Below are some records. Output the lines from the first one through the line that holds "On the eve of", exactly as written, with no pictures.

____ Entries shown

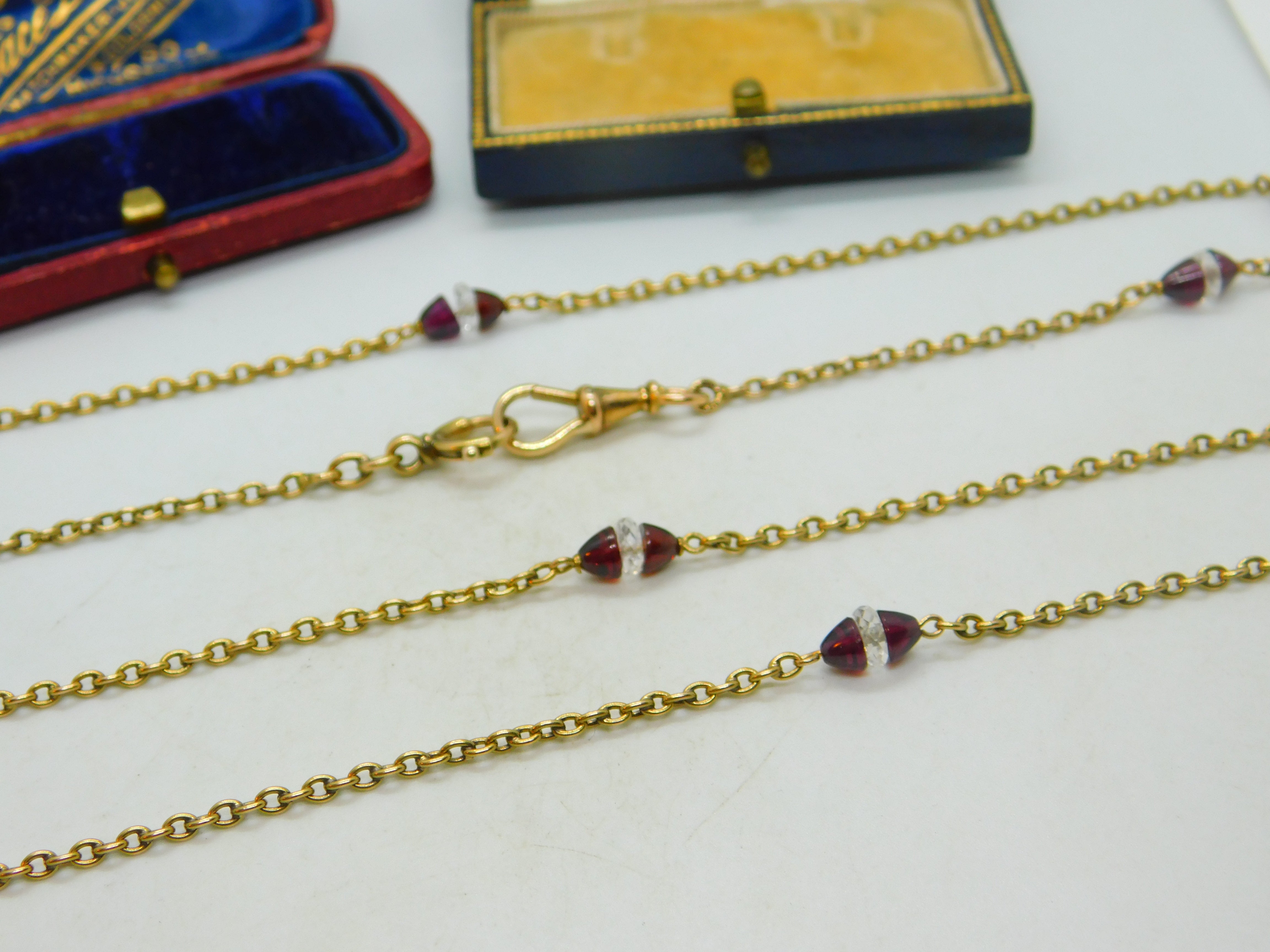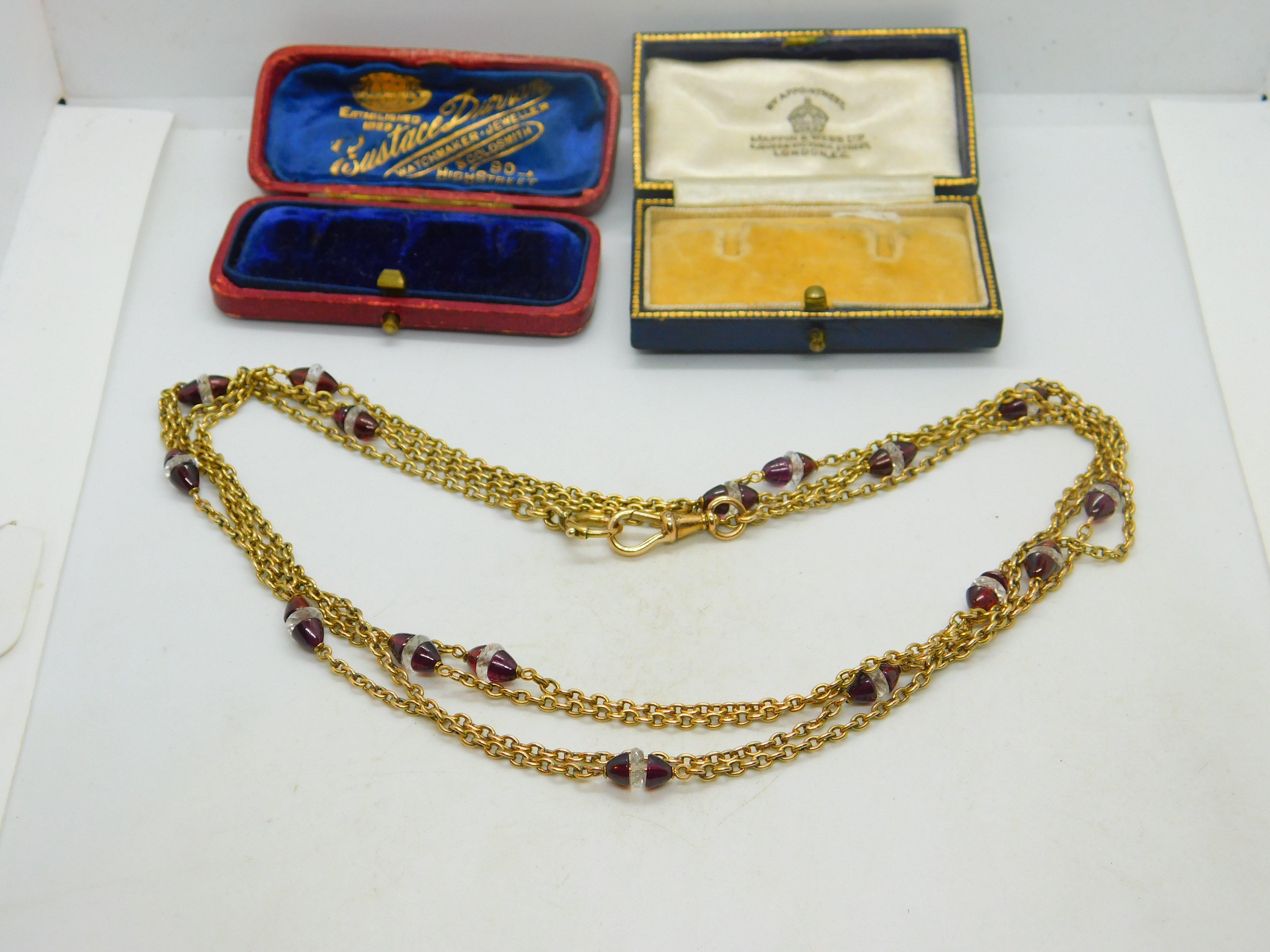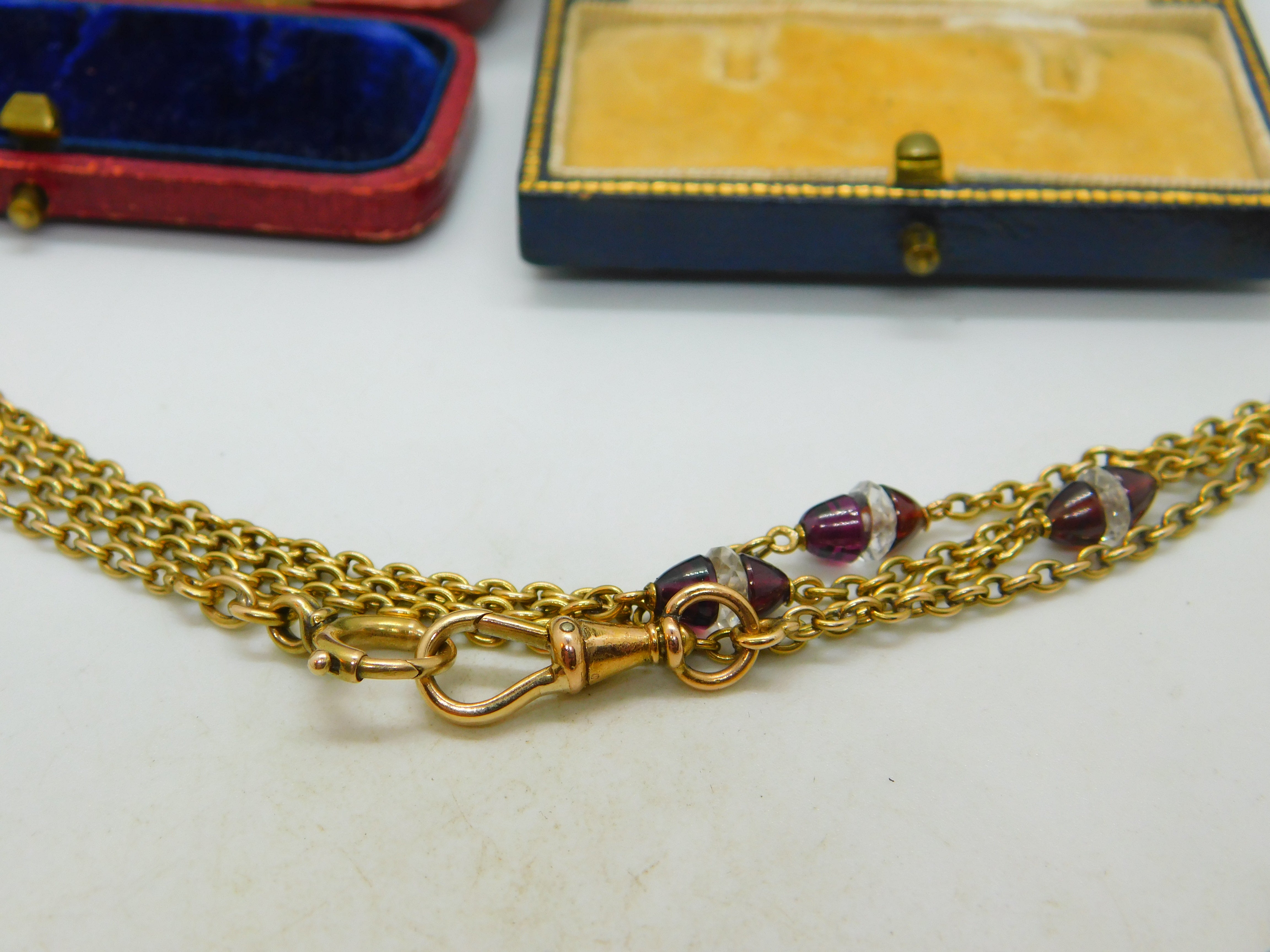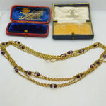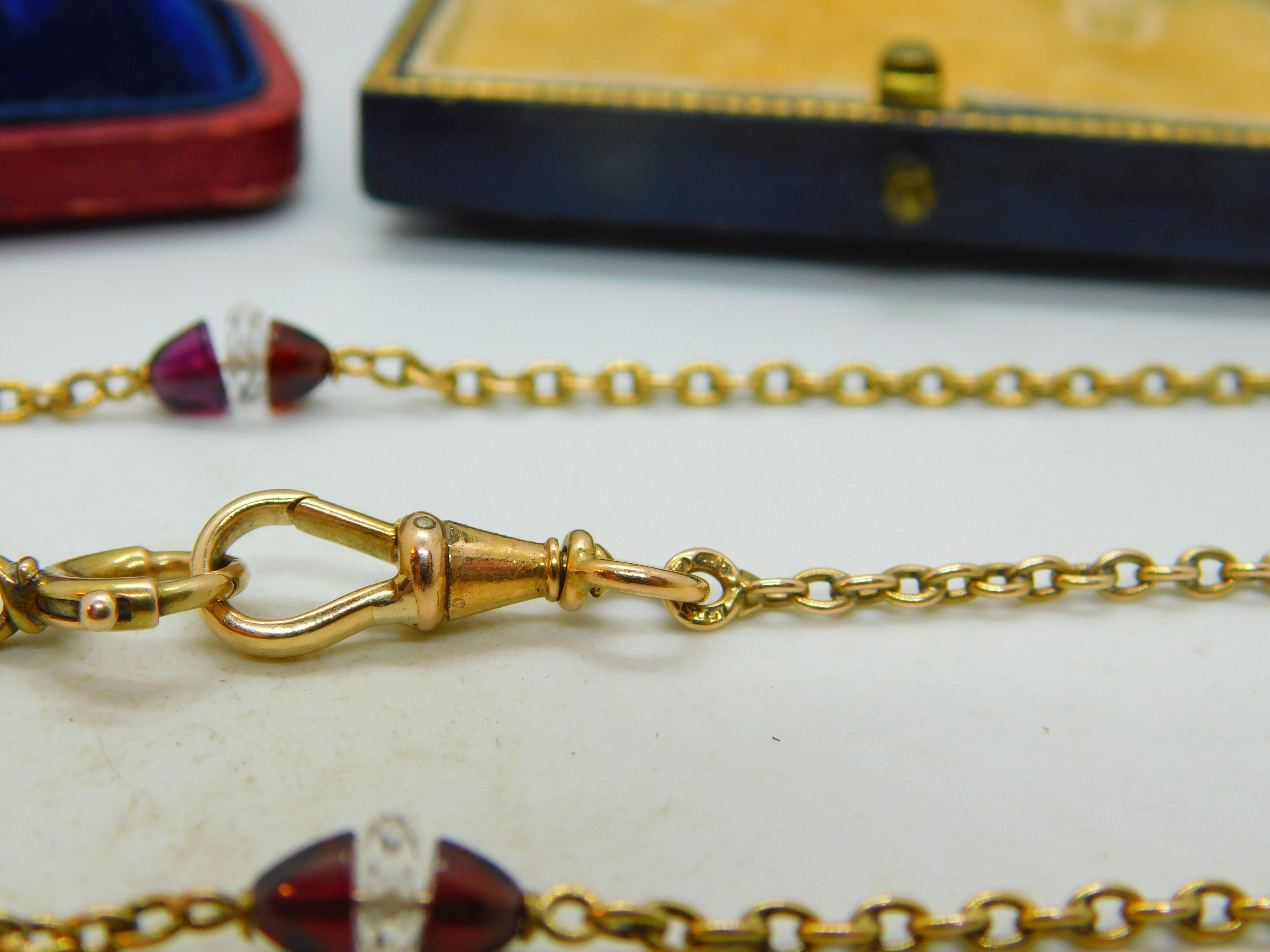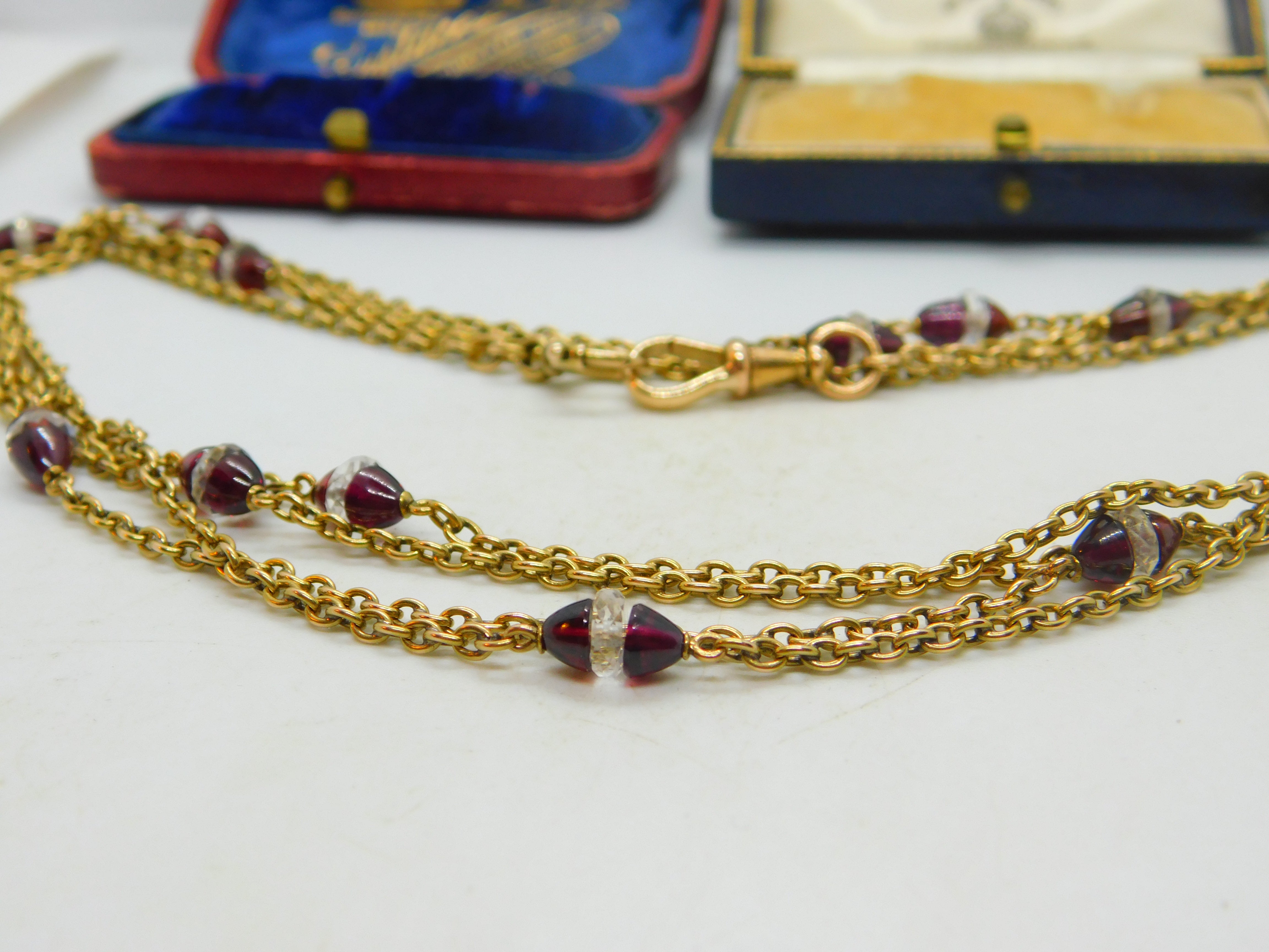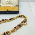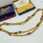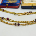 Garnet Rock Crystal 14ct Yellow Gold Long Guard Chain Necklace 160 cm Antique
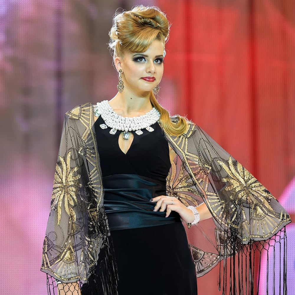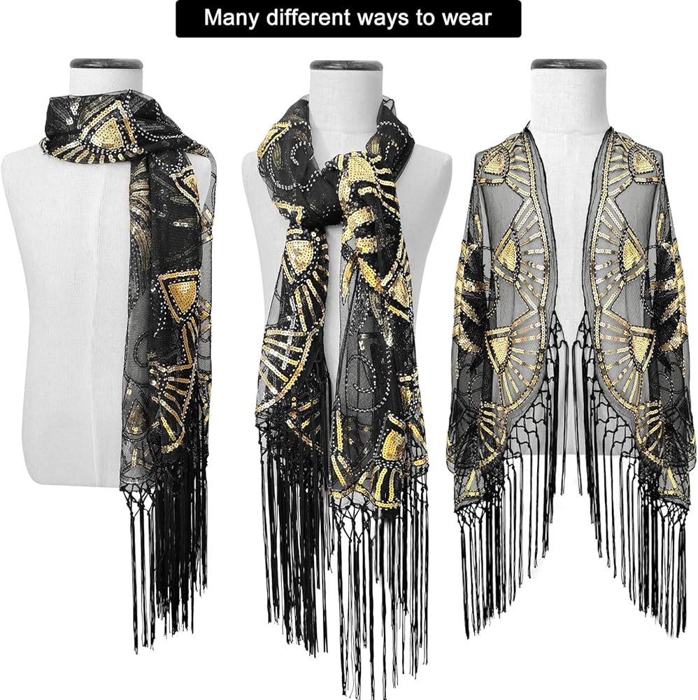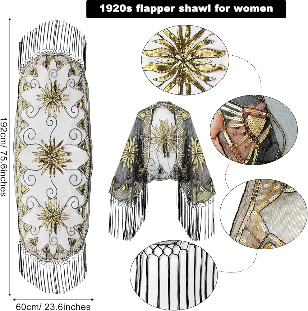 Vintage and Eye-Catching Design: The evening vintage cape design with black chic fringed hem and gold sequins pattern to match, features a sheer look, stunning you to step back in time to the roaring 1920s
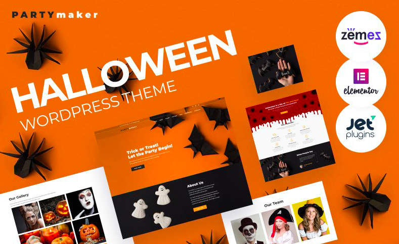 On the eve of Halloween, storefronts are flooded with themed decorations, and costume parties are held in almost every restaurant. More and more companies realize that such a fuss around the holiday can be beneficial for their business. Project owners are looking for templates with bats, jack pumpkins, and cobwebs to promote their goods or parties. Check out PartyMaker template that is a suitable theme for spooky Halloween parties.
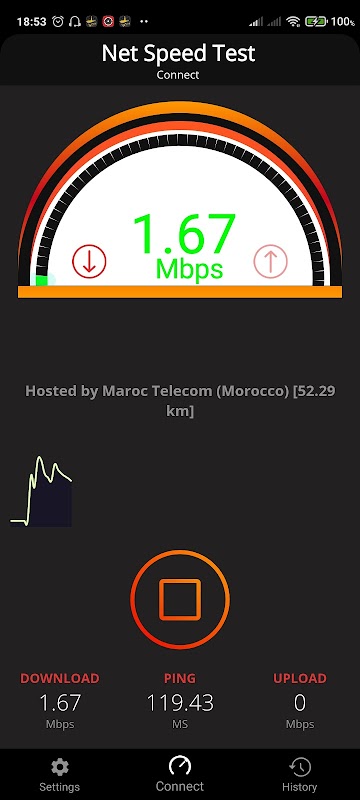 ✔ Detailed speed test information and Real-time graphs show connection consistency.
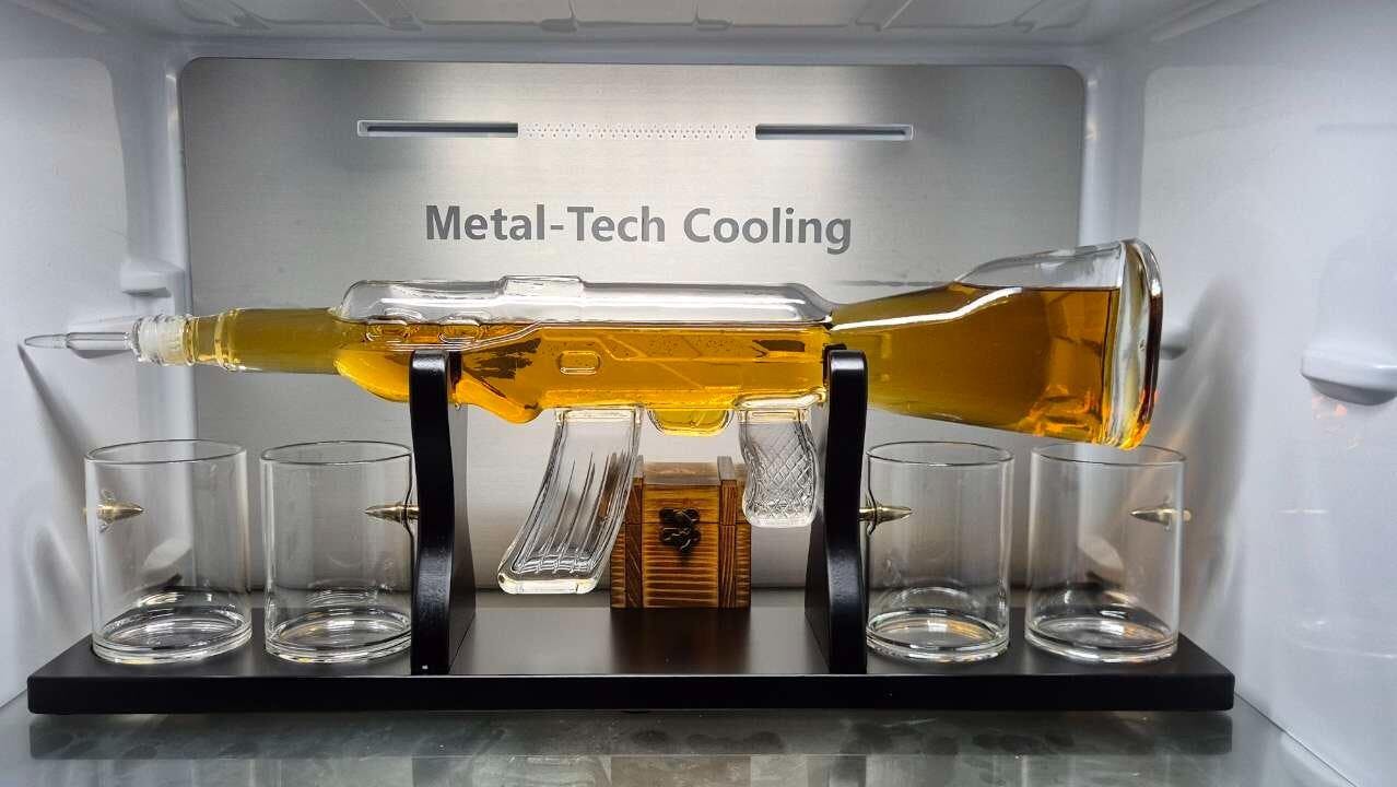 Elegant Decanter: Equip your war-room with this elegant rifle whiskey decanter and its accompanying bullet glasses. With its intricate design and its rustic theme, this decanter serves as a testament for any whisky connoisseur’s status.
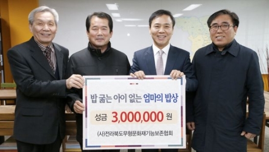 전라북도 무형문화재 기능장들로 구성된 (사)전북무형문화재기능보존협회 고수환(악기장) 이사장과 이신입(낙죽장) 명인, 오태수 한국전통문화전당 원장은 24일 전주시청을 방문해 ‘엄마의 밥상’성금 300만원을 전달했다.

________

* _Reply to the task_
 Garnet Rock Crystal 14ct Yellow Gold Long Guard Chain Necklace 160 cm Antique
 Vintage and Eye-Catching Design: The evening vintage cape design with black chic fringed hem and gold sequins pattern to match, features a sheer look, stunning you to step back in time to the roaring 1920s
 On the eve of Halloween, storefronts are flooded with themed decorations, and costume parties are held in almost every restaurant. More and more companies realize that such a fuss around the holiday can be beneficial for their business. Project owners are looking for templates with bats, jack pumpkins, and cobwebs to promote their goods or parties. Check out PartyMaker template that is a suitable theme for spooky Halloween parties.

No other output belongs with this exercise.